Exclude the pictures and reproduce the remaining data exactly as written.
(Recorded information)
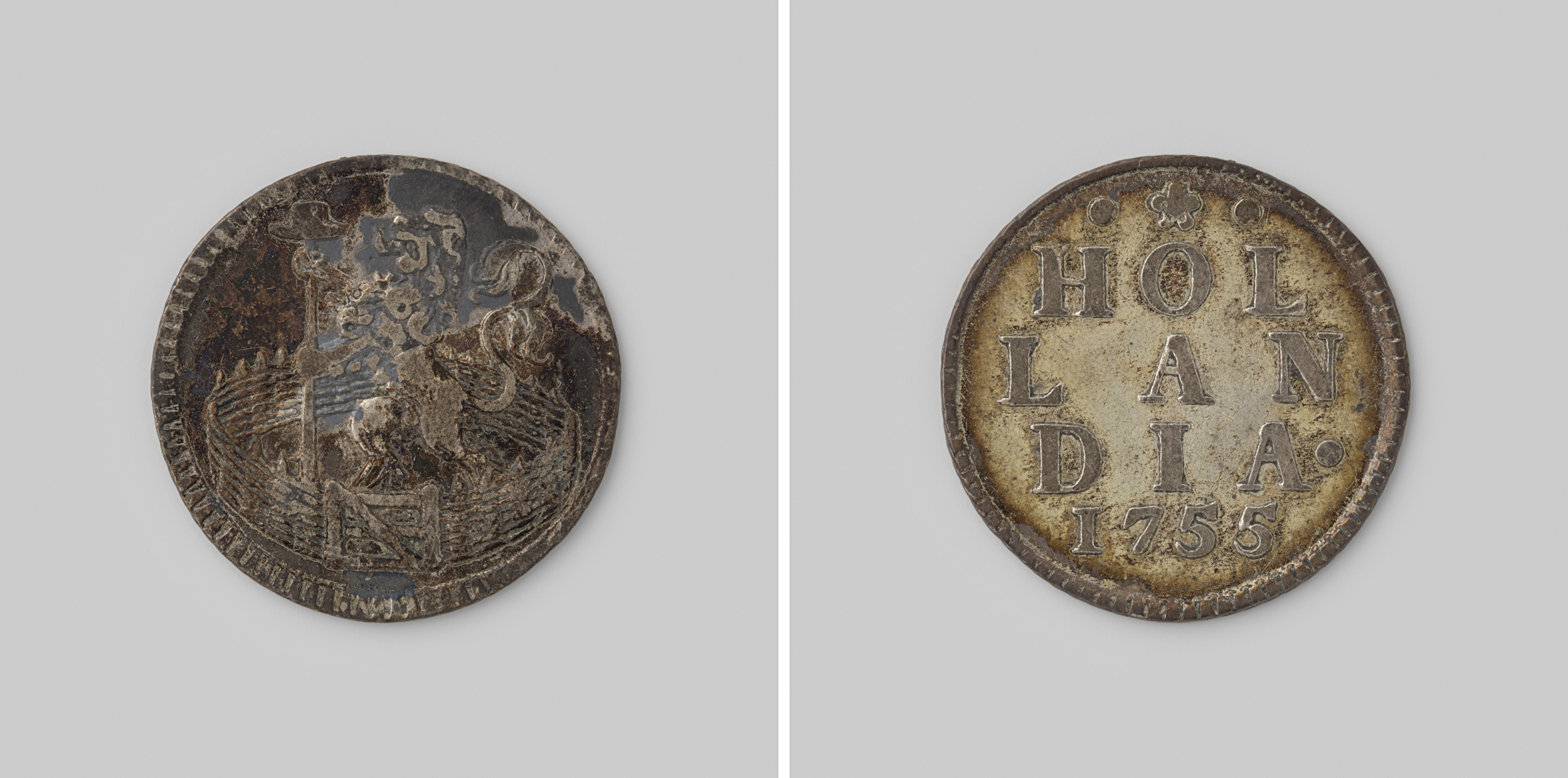 Hollandse duit, 1755. Afslag in zilver
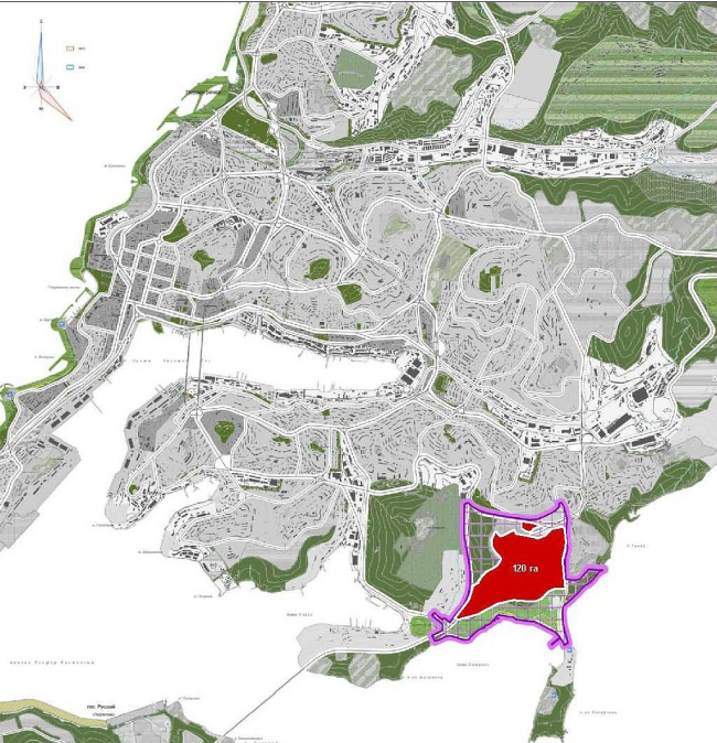 Новый район будет построен в ближайшие 9 лет в бухте Патрокл. Еще недавно она считалась необитаемой окраиной Владивостока – эти земли принадлежали Министерству обороны РФ и на них не ступала нога гражданского человека, – но теперь все изменилось. Во-первых, по территории бухты в ближайшее время пройдет скоростная автодорога, которая соединит остров Русский и аэропорт Владивостока, во-вторых, сами земли стали имуществом Фонда развития жилищного строительства (РЖС) и были определены под комплексную жилищную застройку. Для разработки проекта планировки нового района были приглашены местные архитекторы, а вот разработку эскиза застройки администрация города заказала коллективу Владимира Плоткина.
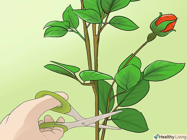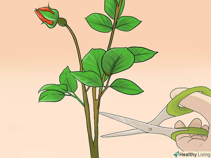 Відріжте частину втечі вашої троянди, довжиною мінімум 6 дюймів (15.2 см), щоб на держаку Залишилося 3 нирки.
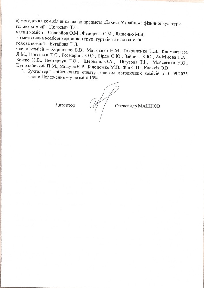 Кадровий склад закладу освіти згідно з ліцензійними умовами
(End Recorded information)
**Task result**.
 Hollandse duit, 1755. Afslag in zilver
 Новый район будет построен в ближайшие 9 лет в бухте Патрокл. Еще недавно она считалась необитаемой окраиной Владивостока – эти земли принадлежали Министерству обороны РФ и на них не ступала нога гражданского человека, – но теперь все изменилось. Во-первых, по территории бухты в ближайшее время пройдет скоростная автодорога, которая соединит остров Русский и аэропорт Владивостока, во-вторых, сами земли стали имуществом Фонда развития жилищного строительства (РЖС) и были определены под комплексную жилищную застройку. Для разработки проекта планировки нового района были приглашены местные архитекторы, а вот разработку эскиза застройки администрация города заказала коллективу Владимира Плоткина.
 Відріжте частину втечі вашої троянди, довжиною мінімум 6 дюймів (15.2 см), щоб на держаку Залишилося 3 нирки.
 Кадровий склад закладу освіти згідно з ліцензійними умовами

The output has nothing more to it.